Set up environment variable and execute the sample.

```bash
adb shell
cd /data/local/tmp
export LD_LIBRARY_PATH=${LD_LIBRARY_PATH}:/data/local/tmp/lib
./image_classification cpu ./resnet50  ./resnet50/demo.JPEG
..
label: 65, score: 0.95
```

## Troubleshooting

- MMDet models.

  YOLOV3 & YOLOX: you may paste the following partition configuration into [detection_rknn_static-320x320.py](https://github.com/open-mmlab/mmdeploy/blob/main/configs/mmdet/detection/detection_rknn-int8_static-320x320.py):

  ```python
  # yolov3, yolox for rknn-toolkit and rknn-toolkit2
  partition_config = dict(
      type='rknn',  # the partition policy name
      apply_marks=True,  # should always be set to True
      partition_cfg=[
          dict(
              save_file='model.onnx',  # name to save the partitioned onnx
              start=['detector_forward:input'],  # [mark_name:input, ...]
              end=['yolo_head:input'],  # [mark_name:output, ...]
              output_names=[f'pred_maps.{i}' for i in range(3)]) # output names
      ])
  ```

  RTMDet: you may paste the following partition configuration into [detection_rknn-int8_static-640x640.py](https://github.com/open-mmlab/mmdeploy/blob/main/configs/mmdet/detection/detection_rknn-int8_static-640x640.py):

  ```python
  # rtmdet for rknn-toolkit and rknn-toolkit2
  partition_config = dict(
      type='rknn',  # the partition policy name
      apply_marks=True,  # should always be set to True
      partition_cfg=[
          dict(
              save_file='model.onnx',  # name to save the partitioned onnx
              start=['detector_forward:input'],  # [mark_name:input, ...]
              end=['rtmdet_head:output'],  # [mark_name:output, ...]
              output_names=[f'pred_maps.{i}' for i in range(6)]) # output names
      ])
  ```

  RetinaNet & SSD & FSAF with rknn-toolkit2, you may paste the following partition configuration into [detection_rknn_static-320x320.py](https://github.com/open-mmlab/mmdeploy/blob/main/configs/mmdet/detection/detection_rknn-int8_static-320x320.py).

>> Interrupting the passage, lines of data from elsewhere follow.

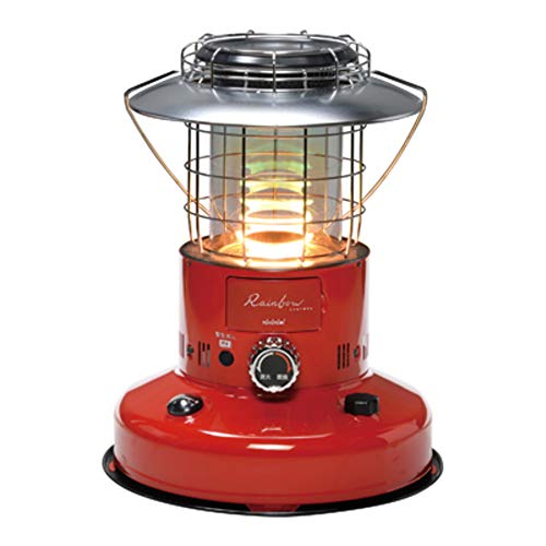 ランタン調のデザインのレインボーストーブ。外寸は高さ485.7mm、幅388mm、奥行388mm、カラーバリエーションは、ダークグリーンとレッドの2種類です。
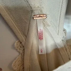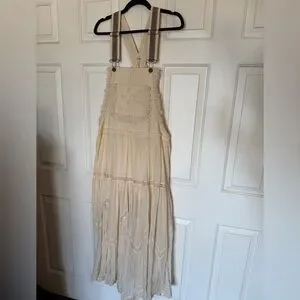 Bohemian tiered apron dress with lace trim. Adjustable suspender straps. Soft flowing fabric with embroidered accents. Lightweight and breezy. Neutral cream tone for versatile styling.
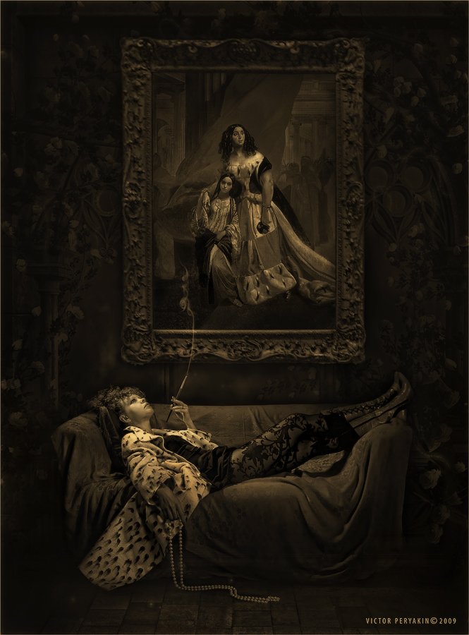 Императрица на стене (работа Карла. Брюлова). Работа задумывалась, как перекличка времен(одежда, отношения, поведение, человеческие ценности и т.д.)Каждый зритель выдвигает свою версию, и это главное.Спасибо Вам за добрые слова!

Users with rknn-toolkit can directly use default config.

  ```python
  # retinanet, ssd for rknn-toolkit2
  partition_config = dict(
      type='rknn',  # the partition policy name
      apply_marks=True,
      partition_cfg=[
          dict(
              save_file='model.onnx',
              start='detector_forward:input',
              end=['BaseDenseHead:output'],
              output_names=[f'BaseDenseHead.cls.{i}' for i in range(5)] +
              [f'BaseDenseHead.loc.{i}' for i in range(5)])
      ])
  ```

- SDK only supports int8 rknn model, which require `do_quantization=True` when converting models.

- Latency problem.

  For devices running RKNPU like rv1126, please set `pre_compile=True` in `quantization_config` when converting models.
  Or the latency may not suit your need.